(Dataset)

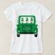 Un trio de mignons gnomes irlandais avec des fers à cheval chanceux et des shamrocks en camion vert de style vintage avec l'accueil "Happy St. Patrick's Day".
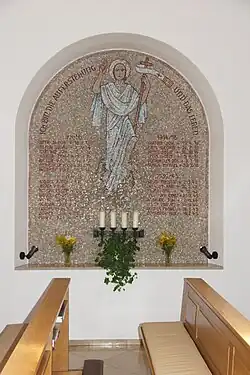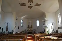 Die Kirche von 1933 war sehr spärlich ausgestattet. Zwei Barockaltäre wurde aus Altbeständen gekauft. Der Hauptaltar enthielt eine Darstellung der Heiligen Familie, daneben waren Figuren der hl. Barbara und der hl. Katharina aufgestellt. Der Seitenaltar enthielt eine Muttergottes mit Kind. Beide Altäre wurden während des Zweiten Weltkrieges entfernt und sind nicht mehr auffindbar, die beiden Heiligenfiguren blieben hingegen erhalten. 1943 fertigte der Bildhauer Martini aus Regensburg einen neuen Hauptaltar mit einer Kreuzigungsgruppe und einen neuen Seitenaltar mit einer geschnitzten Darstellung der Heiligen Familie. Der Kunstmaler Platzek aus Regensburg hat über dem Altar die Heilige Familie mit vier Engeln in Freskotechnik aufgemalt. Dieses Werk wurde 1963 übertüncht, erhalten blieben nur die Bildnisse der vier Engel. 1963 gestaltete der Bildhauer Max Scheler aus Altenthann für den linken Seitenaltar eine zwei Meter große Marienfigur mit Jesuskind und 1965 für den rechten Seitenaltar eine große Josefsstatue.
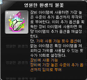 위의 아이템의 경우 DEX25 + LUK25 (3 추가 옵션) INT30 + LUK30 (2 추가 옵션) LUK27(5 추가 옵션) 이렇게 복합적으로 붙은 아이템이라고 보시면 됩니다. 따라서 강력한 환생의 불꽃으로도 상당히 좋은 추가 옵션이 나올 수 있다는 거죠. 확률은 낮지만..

(End Dataset)
(Dataset)

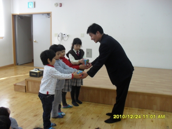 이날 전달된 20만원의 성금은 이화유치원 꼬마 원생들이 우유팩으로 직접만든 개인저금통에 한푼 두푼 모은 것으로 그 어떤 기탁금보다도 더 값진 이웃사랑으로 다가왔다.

(End Dataset)

▶ Instructions for the task
Working from the entries above, please transcribe only the lines from the line with "Die Kirche von" through the line with "위의 아이템의 경우 DEX25", exactly, with both end lines and without pictures.

▶ Exercise response
 Die Kirche von 1933 war sehr spärlich ausgestattet. Zwei Barockaltäre wurde aus Altbeständen gekauft. Der Hauptaltar enthielt eine Darstellung der Heiligen Familie, daneben waren Figuren der hl. Barbara und der hl. Katharina aufgestellt. Der Seitenaltar enthielt eine Muttergottes mit Kind. Beide Altäre wurden während des Zweiten Weltkrieges entfernt und sind nicht mehr auffindbar, die beiden Heiligenfiguren blieben hingegen erhalten. 1943 fertigte der Bildhauer Martini aus Regensburg einen neuen Hauptaltar mit einer Kreuzigungsgruppe und einen neuen Seitenaltar mit einer geschnitzten Darstellung der Heiligen Familie. Der Kunstmaler Platzek aus Regensburg hat über dem Altar die Heilige Familie mit vier Engeln in Freskotechnik aufgemalt. Dieses Werk wurde 1963 übertüncht, erhalten blieben nur die Bildnisse der vier Engel. 1963 gestaltete der Bildhauer Max Scheler aus Altenthann für den linken Seitenaltar eine zwei Meter große Marienfigur mit Jesuskind und 1965 für den rechten Seitenaltar eine große Josefsstatue.
 위의 아이템의 경우 DEX25 + LUK25 (3 추가 옵션) INT30 + LUK30 (2 추가 옵션) LUK27(5 추가 옵션) 이렇게 복합적으로 붙은 아이템이라고 보시면 됩니다. 따라서 강력한 환생의 불꽃으로도 상당히 좋은 추가 옵션이 나올 수 있다는 거죠. 확률은 낮지만..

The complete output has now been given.